## What to do
Only the lines below between the one holding "在唐山鎮(zhèn),團隊尋" and the one holding "2, Pixel 2XL", inclusive, are to be reproduced word for word; the pictures are to be left out.

:: Task input ::

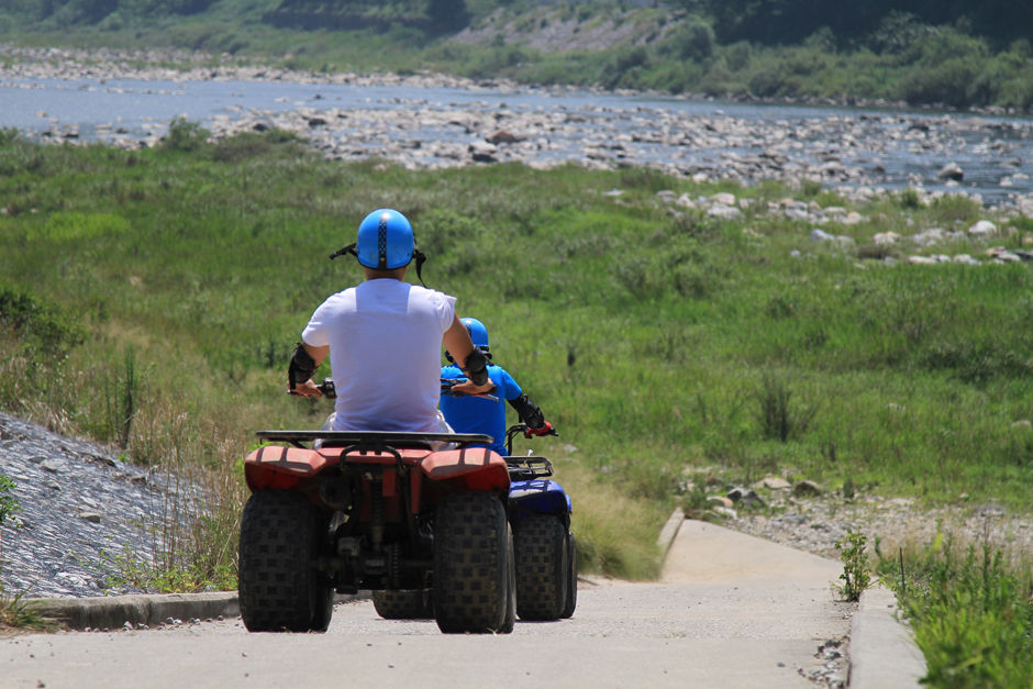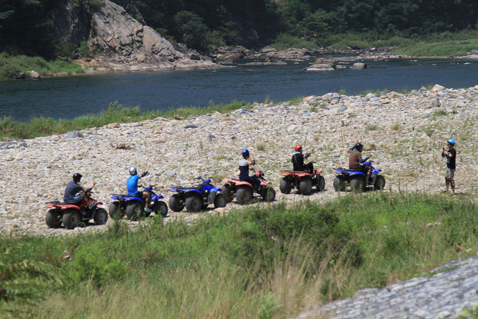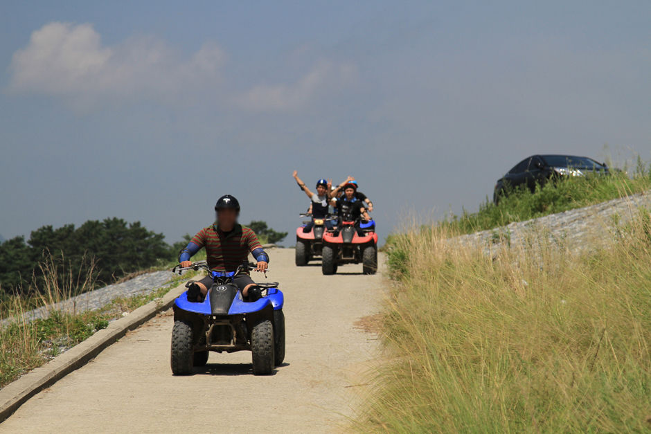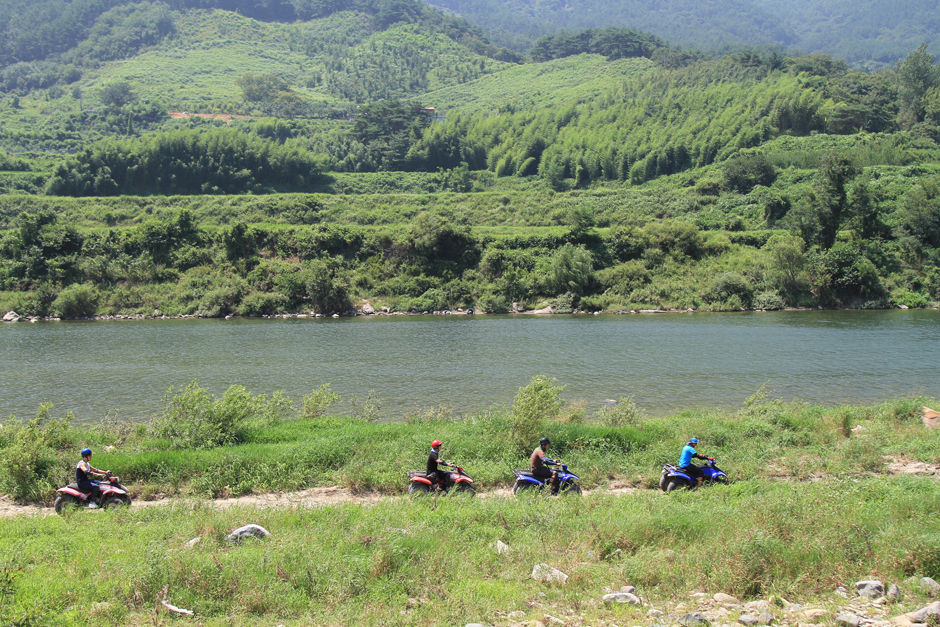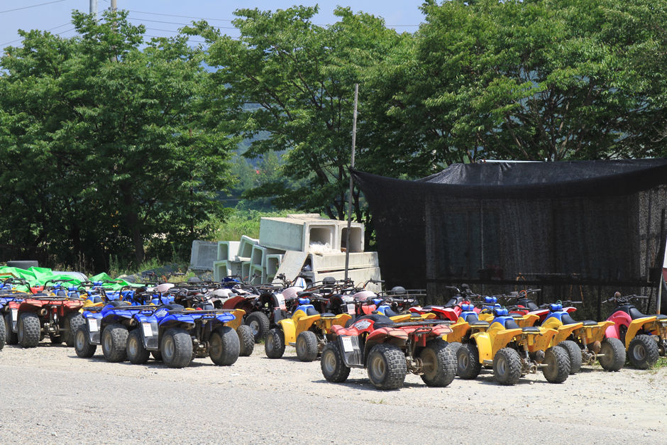 ATV란 ‘어떤 지형에서든 주행이 가능한 탈 것(All-Terrain Vehicle)’이란 말의 영문 머리글자를 조합해 만든 용어로, 길이 없는 오프로드(off road)에서도 주행할 수 있는 사륜 차를 말한다. 그렇지만 조향장치, 조작 방식, 동력 전달 방식 등은 오토바이와 흡사하다. 산청에는 AT 장이 세 곳 있다. 그중 가장 규모가 크고 오프 로드의 재미가 큰 곳이 옛 경호강 휴게소에 자리 잡은 엑스로드 ATV 장이다. 지금은 영업하지 않는 휴게소가 전부 오프로드 연습장이다. 휴게소 마당에서 충분히 연습한 다음에는 강변으로 내려간다. 경호강을 따라 신나게 달리다 보면 온갖 시름이 달아난다.
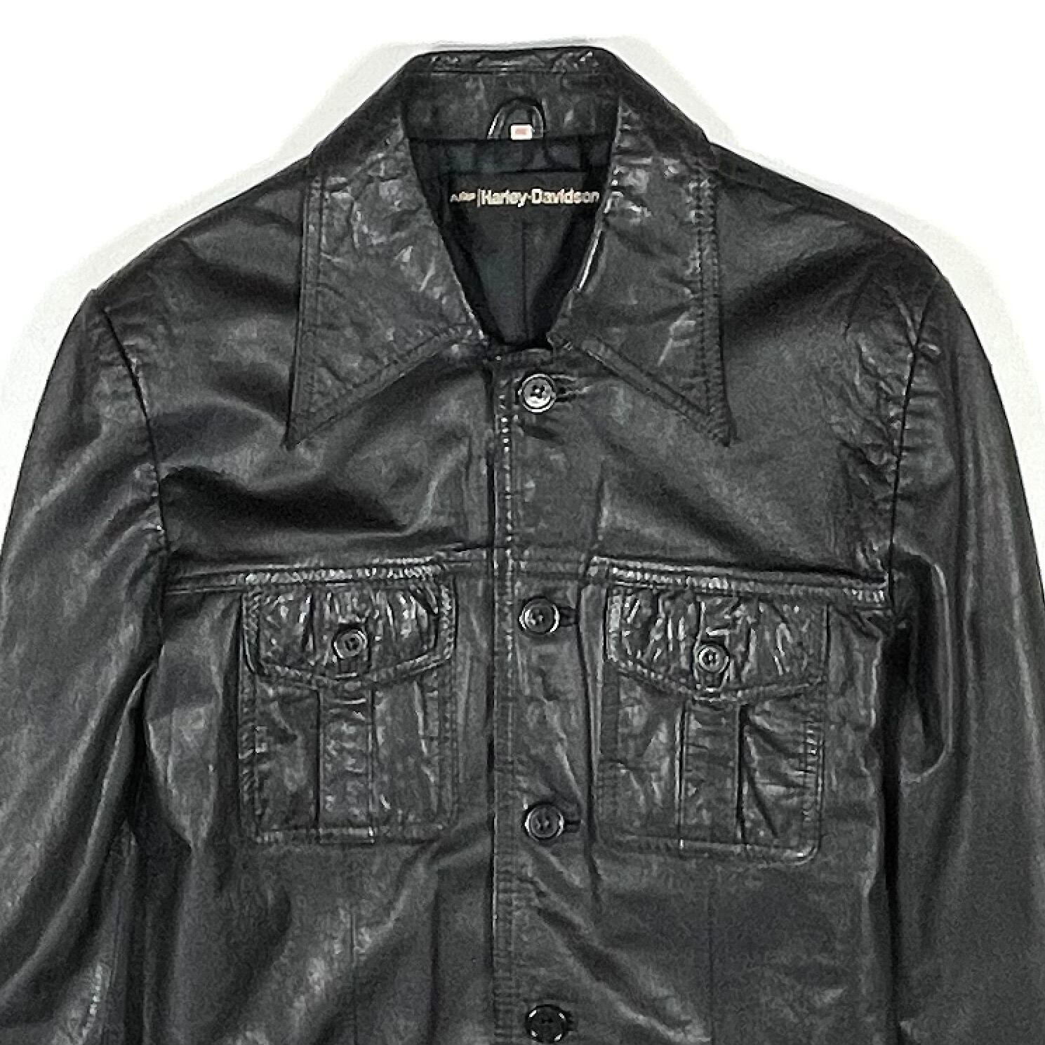 すっきりしたシルエットの70sスタイルのレザージャケットです。
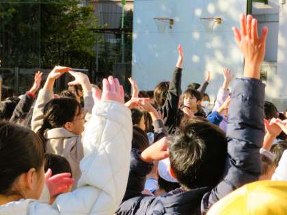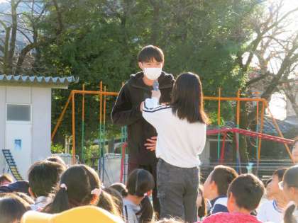 児童集会は集会委員の皆さんによる「先生クイズ集会」です。それぞれの学年の先生の好きなものなどを〇×クイズで出題しました。
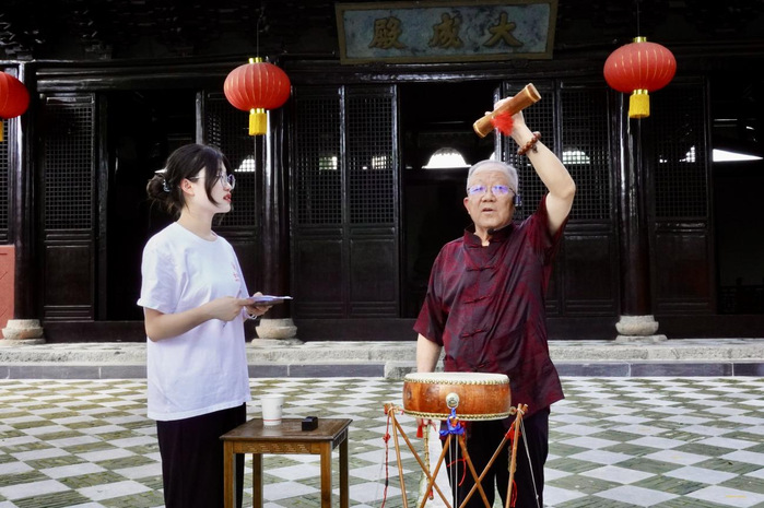 在唐山鎮(zhèn),團隊尋訪了紫金制作工藝省級非遺傳承人邱金保,通過訪談,全面了解了紫金硯制作的復(fù)雜工藝,深刻體會到這一傳統(tǒng)技藝背后的歷史積淀。在壽縣老文化館,團隊專訪了壽州大鼓省級非遺傳承人魏明華與口技快板非遺傳承人李勛,兩位老師以精彩紛呈的表演,充分展現(xiàn)了壽縣傳統(tǒng)曲藝的獨特魅力。然而,團隊成員也了解到,非遺傳承正面臨著人才短缺、后繼乏力等嚴(yán)峻形勢,這引發(fā)了他們對傳統(tǒng)文化保護與傳承的深刻思考。
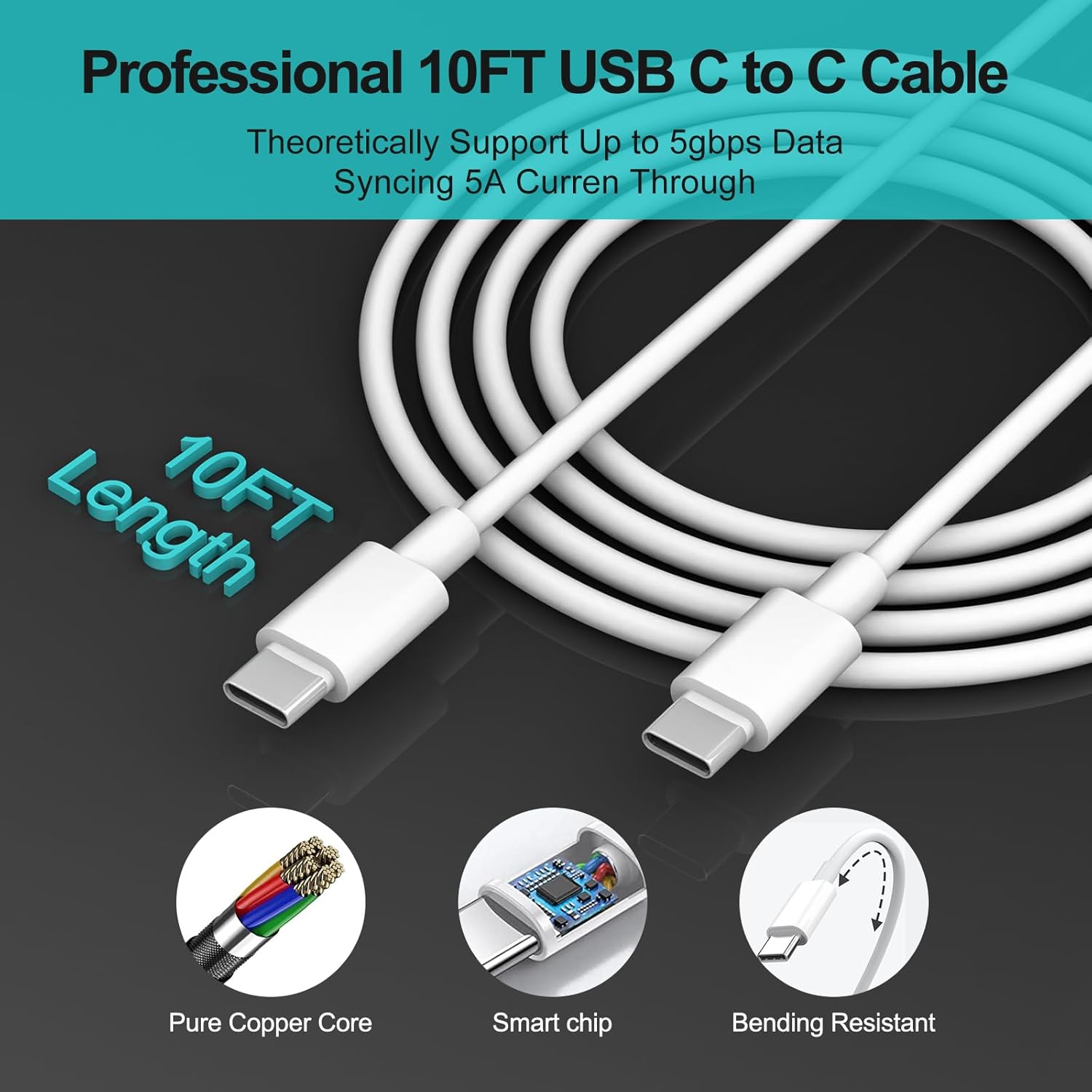 【 iPhone 16 15 Wall Charger Cord Tybe c Compatibility】 10FT Tybe c to Tybe c Fast Charging cord compatible iPhone 16/ iPhone 16 Plus/ iPhone 16 Pro/ iPhone 16 Pro Max/iPhone 15/ iPhone 15 Plus/ iPhone 15 Pro/ iPhone 15 Pro Max,Pro with macbook Series is perfectly compatible: iPad Pro 11/13 inches 2024, iPad Pro 12.9 inches 6th/5th/4th/3rd gen, iPad Pro 11 inches 4th/3rd/2nd/1st gen,iPad Air 6/5/4 gen, iPad 10th gen, iPad Mini 6th gen, AirPods Pro (2nd Generation)Pixel 7, Pixel 7 Pro, Pixel 7a, Pixel 6, Pixel 6 Pro, Pixel 6a, Pixel 5, Pixel 5a, Pixel 4, Pixel 4 XL, Pixel 3, Pixel 3A, Pixel 3 XL, Pixel 2, Pixel 2XL
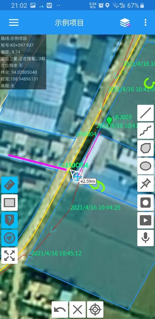 内置多种地图(天地图、百度地图、高德地图、Google地图),用户可根据需求随意切换。用户将初步线位导入纬地外业手簿移动端之后,打开纬地外业手薄中的定位功能,系统自动搜索定位卫星,在外业手薄的左上角会实时显示出路线的项目名称、桩号、偏距、定位卫星个数、定位精度、经纬度、高程等信息,当系统自动搜索到的定位卫星个数达到一定数量之后,用户即可使用高德地图、百度地图的导航功能,快速定位导航到用户在外业现场所标记的位置。并且可以实时记录外业调查过程中的行驶轨迹。还可以采用拍照、录音、录像等多媒体功能记录行程,并分享行程轨迹,具有户外助手APP的功能。

:::

## Result for this task
 在唐山鎮(zhèn),團隊尋訪了紫金制作工藝省級非遺傳承人邱金保,通過訪談,全面了解了紫金硯制作的復(fù)雜工藝,深刻體會到這一傳統(tǒng)技藝背后的歷史積淀。在壽縣老文化館,團隊專訪了壽州大鼓省級非遺傳承人魏明華與口技快板非遺傳承人李勛,兩位老師以精彩紛呈的表演,充分展現(xiàn)了壽縣傳統(tǒng)曲藝的獨特魅力。然而,團隊成員也了解到,非遺傳承正面臨著人才短缺、后繼乏力等嚴(yán)峻形勢,這引發(fā)了他們對傳統(tǒng)文化保護與傳承的深刻思考。
 【 iPhone 16 15 Wall Charger Cord Tybe c Compatibility】 10FT Tybe c to Tybe c Fast Charging cord compatible iPhone 16/ iPhone 16 Plus/ iPhone 16 Pro/ iPhone 16 Pro Max/iPhone 15/ iPhone 15 Plus/ iPhone 15 Pro/ iPhone 15 Pro Max,Pro with macbook Series is perfectly compatible: iPad Pro 11/13 inches 2024, iPad Pro 12.9 inches 6th/5th/4th/3rd gen, iPad Pro 11 inches 4th/3rd/2nd/1st gen,iPad Air 6/5/4 gen, iPad 10th gen, iPad Mini 6th gen, AirPods Pro (2nd Generation)Pixel 7, Pixel 7 Pro, Pixel 7a, Pixel 6, Pixel 6 Pro, Pixel 6a, Pixel 5, Pixel 5a, Pixel 4, Pixel 4 XL, Pixel 3, Pixel 3A, Pixel 3 XL, Pixel 2, Pixel 2XL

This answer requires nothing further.